(Task inputs)

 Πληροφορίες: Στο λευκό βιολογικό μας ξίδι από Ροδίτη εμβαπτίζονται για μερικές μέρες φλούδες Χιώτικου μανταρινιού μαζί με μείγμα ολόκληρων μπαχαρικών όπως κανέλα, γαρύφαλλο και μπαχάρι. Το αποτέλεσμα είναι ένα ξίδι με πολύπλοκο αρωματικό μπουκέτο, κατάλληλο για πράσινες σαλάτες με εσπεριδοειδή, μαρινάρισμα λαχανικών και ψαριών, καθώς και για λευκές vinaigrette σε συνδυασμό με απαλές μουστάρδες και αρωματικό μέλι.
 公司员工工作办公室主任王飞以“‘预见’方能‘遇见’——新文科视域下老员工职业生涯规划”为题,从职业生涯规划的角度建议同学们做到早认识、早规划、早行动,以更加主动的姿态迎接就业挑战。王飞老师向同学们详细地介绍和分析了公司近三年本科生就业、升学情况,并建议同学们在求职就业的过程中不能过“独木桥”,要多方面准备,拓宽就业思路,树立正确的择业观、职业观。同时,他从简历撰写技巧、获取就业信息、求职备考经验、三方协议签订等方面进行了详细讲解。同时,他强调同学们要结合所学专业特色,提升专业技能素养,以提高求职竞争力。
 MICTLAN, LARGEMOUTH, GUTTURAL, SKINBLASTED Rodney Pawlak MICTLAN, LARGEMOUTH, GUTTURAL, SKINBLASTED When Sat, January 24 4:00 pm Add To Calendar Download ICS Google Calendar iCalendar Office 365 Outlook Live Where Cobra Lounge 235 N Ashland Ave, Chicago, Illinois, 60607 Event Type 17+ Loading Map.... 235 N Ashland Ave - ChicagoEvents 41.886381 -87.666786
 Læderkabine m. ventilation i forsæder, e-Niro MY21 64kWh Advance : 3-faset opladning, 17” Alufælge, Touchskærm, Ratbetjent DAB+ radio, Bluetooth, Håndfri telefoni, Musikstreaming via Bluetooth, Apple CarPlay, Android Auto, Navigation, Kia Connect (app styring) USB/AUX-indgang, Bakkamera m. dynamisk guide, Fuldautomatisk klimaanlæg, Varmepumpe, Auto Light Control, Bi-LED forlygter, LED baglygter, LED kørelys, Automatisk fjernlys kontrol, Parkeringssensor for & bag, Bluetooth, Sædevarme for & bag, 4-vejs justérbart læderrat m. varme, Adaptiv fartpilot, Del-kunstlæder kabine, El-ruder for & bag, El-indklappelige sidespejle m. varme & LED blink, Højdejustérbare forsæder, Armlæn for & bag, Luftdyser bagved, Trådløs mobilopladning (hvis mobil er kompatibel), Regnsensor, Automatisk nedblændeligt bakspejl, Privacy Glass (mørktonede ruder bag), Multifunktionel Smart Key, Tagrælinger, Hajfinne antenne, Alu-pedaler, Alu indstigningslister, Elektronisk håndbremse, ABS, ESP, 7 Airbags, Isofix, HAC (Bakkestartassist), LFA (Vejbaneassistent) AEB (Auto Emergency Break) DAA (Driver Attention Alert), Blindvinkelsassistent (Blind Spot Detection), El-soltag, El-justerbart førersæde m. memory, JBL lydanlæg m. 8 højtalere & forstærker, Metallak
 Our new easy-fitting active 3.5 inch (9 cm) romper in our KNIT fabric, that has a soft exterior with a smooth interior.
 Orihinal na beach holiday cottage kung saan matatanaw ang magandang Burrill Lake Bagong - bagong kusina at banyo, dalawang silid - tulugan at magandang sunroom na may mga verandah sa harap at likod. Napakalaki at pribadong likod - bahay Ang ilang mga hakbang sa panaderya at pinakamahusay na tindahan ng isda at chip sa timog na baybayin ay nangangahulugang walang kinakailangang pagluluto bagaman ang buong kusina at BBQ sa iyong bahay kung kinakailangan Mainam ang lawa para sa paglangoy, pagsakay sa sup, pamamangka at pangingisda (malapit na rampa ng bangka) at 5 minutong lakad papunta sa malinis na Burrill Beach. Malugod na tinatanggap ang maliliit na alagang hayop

(End Task inputs)
(Task inputs)

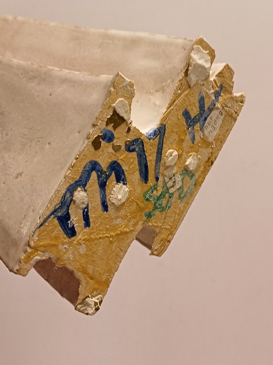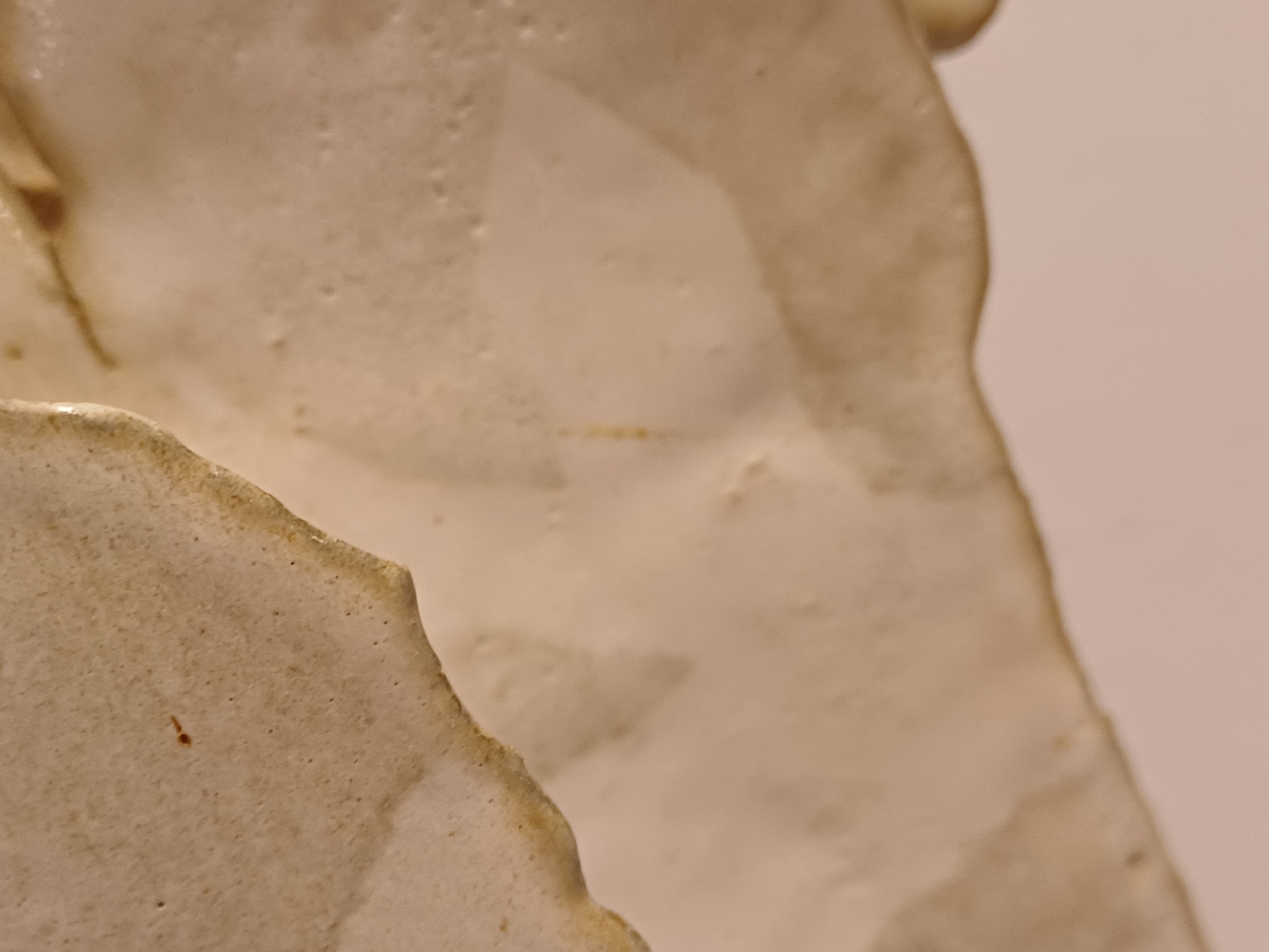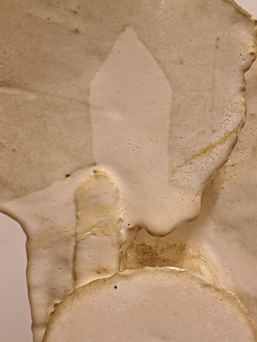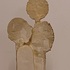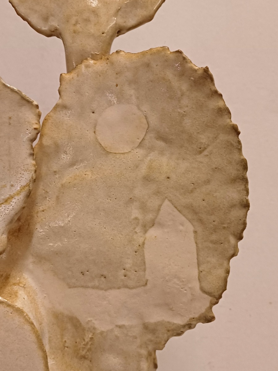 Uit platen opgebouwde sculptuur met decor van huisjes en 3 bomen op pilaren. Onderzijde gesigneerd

(End Task inputs)
(Task inputs)

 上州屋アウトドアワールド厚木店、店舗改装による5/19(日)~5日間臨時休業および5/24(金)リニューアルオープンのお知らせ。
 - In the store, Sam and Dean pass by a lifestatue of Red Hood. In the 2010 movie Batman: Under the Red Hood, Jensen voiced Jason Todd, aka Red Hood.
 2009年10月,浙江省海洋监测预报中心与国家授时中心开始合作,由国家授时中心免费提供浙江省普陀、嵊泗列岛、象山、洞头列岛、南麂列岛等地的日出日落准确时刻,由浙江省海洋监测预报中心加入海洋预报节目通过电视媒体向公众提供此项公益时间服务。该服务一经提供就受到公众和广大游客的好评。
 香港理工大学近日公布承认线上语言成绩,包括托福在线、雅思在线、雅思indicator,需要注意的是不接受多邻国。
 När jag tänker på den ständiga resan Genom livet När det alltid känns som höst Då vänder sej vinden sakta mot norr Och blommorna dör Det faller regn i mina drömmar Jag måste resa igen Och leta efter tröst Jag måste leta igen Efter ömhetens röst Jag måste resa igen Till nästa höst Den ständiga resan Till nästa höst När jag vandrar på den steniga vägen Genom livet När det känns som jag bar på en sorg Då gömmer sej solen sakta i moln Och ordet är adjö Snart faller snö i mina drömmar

(End Task inputs)

Look above for the line with "公司员工工作办公室主任王飞以" and the line with "MICTLAN, LARGEMOUTH, GUTTURAL, SKINBLASTED Rodney", and reproduce exactly those two lines plus every line between, nothing more.

▶ [Response to the task]
 公司员工工作办公室主任王飞以“‘预见’方能‘遇见’——新文科视域下老员工职业生涯规划”为题,从职业生涯规划的角度建议同学们做到早认识、早规划、早行动,以更加主动的姿态迎接就业挑战。王飞老师向同学们详细地介绍和分析了公司近三年本科生就业、升学情况,并建议同学们在求职就业的过程中不能过“独木桥”,要多方面准备,拓宽就业思路,树立正确的择业观、职业观。同时,他从简历撰写技巧、获取就业信息、求职备考经验、三方协议签订等方面进行了详细讲解。同时,他强调同学们要结合所学专业特色,提升专业技能素养,以提高求职竞争力。
 MICTLAN, LARGEMOUTH, GUTTURAL, SKINBLASTED Rodney Pawlak MICTLAN, LARGEMOUTH, GUTTURAL, SKINBLASTED When Sat, January 24 4:00 pm Add To Calendar Download ICS Google Calendar iCalendar Office 365 Outlook Live Where Cobra Lounge 235 N Ashland Ave, Chicago, Illinois, 60607 Event Type 17+ Loading Map.... 235 N Ashland Ave - ChicagoEvents 41.886381 -87.666786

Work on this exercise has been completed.